Following discussions with the professional bodies and others in the profession, HMRC has announced that it will extend the temporary relaxation of the new RTI reporting rules for businesses with fewer than 50 employees from October 2013 until April 2014. At 6 April 2014 this relaxation will come to an end and the full RTI reporting rules will take effect. This is a welcome change in policy by HMRC as it simplifies things for SMEs as the previous intention had been to introduce the full RTI reporting rules from October 2013.
As is the case at present, qualifying employers are still required to report through the new system, but are able to do so once a month, rather than each time they pay their employees. This gives small businesses that pay weekly (or more frequently), but who only run their payroll at the end of the month, some extra time to adjust to the full extent of the ‘on or before’ requirement of RTI reporting.
According to HMRC’s Director General for Personal Tax, Ruth Owen:
“The roll-out continues to exceed our expectations. I am delighted that 83 per cent of SMEs and 77 per cent of the smallest businesses are already on board. We will now write to the minority of employers who are not, to establish how we can help them meet the requirements of reporting in real time.”
This means that in excess of 1.4 million employers are now reporting their PAYE in real time. HMRC also confirm that information about 44.5 million payments made to employees between 6 April and 5 May was successfully received through RTI reporting.
From April 2014, all employers need to plan to be reporting in real time, but this extension to the relaxed reporting arrangements allow HMRC more time to work with businesses to identify whether there are any specific circumstances with on-or-before reporting that it needs to cater for in the longer term.
PAYE information reported in real time is already being used by the Department for Work and Pensions (DWP) to calculate Universal Credit amounts paid to people in its pathfinder pilot in the north west of England, ensuring the amount of benefit accurately reflects their level of income.
Colin Ben-Nathan, Chairman of the CIOT’s Employment Taxes Sub-Committee, commented:
“On or before reporting’ has been a significant concern for small employers. This announcement is good news and shows that HMRC has continued to listen to the concerns of small employers, their agents and the organisations that represent them.
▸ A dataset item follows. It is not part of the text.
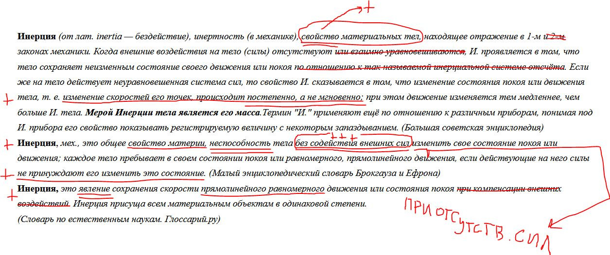 -DED-Mazai Опубликовано: 12 марта 2019 Опубликовано: 12 марта 2019 Инерция (от лат. inertia — бездействие), инертность (в механике), свойство материальных тел, находящее отражение в 1-м и 2-м законах механики. Когда внешние воздействия на тело (силы) отсутствуют или взаимно уравновешиваются, И. проявляется в том, что тело сохраняет неизменным состояние своего движения или покоя по отношению к так называемой инерциальной системе отсчёта. Если же на тело действует неуравновешенная система сил, то свойство И. сказывается в том, что изменение состояния покоя или движения тела, т. е. изменение скоростей его точек, происходит постепенно, а не мгновенно; при этом движение изменяется тем медленнее, чем больше И. тела. Мерой Инерции тела является его масса.Термин "И." применяют ещё по отношению к различным приборам, понимая под И. прибора его свойство показывать регистрируемую величину с некоторым запаздыванием. (Большая советская энциклопедия) Инерция, мех., это общее свойство материи, неспособность тела без содействия внешних сил изменить свое состояние покоя или движения; каждое тело пребывает в своем состоянии покоя или равномерного, прямолинейного движения, если действующие на него силы не принуждают его изменить это состояние. (Малый энциклопедический словарь Брокгауза и Ефрона) Инерция, это явление сохранения скорости прямолинейного равномерного движения или состояния покоя при компенсации внешних воздействий. Инерция присуща всем материальным объектам в одинаковой степени. (Cловарь по естественным наукам. Глоссарий.ру)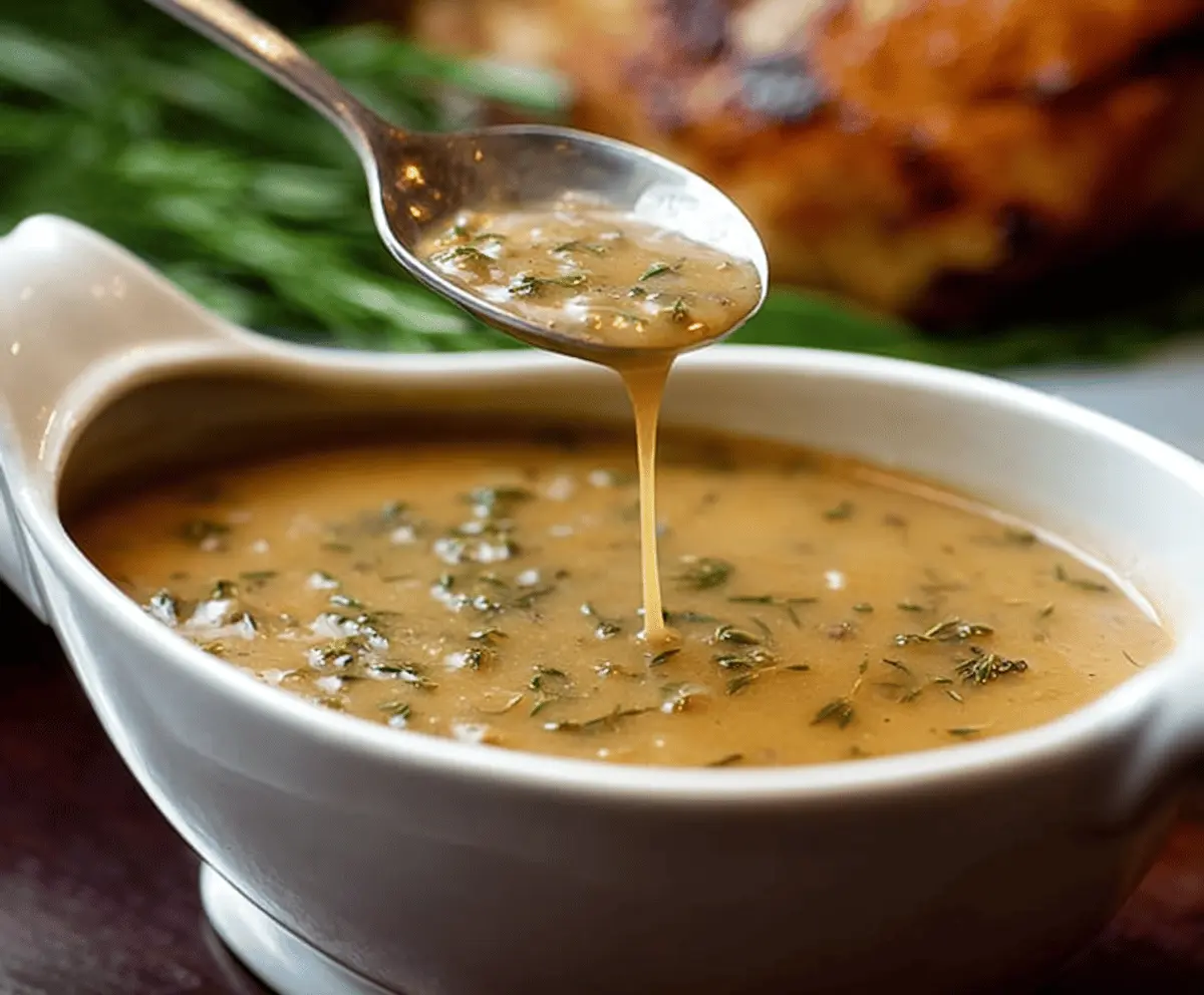 Your warm, herbed turkey gravy is now ready to serve! Ladle it generously over sliced turkey or mashed potatoes and enjoy every delicious bite!

It will help small employers continue to engage positively with RTI and to keep the costs of RTI reporting to a minimum.”
At John M Taylor & Co we are continuing to speak to our clients to keep them up to date with changes in the RTI reporting rules. We are working closely with those who benefit from the relaxation in the reporting rules to help them adapt to the new ‘on or before’ rules which will now apply to them from 6 April 2014.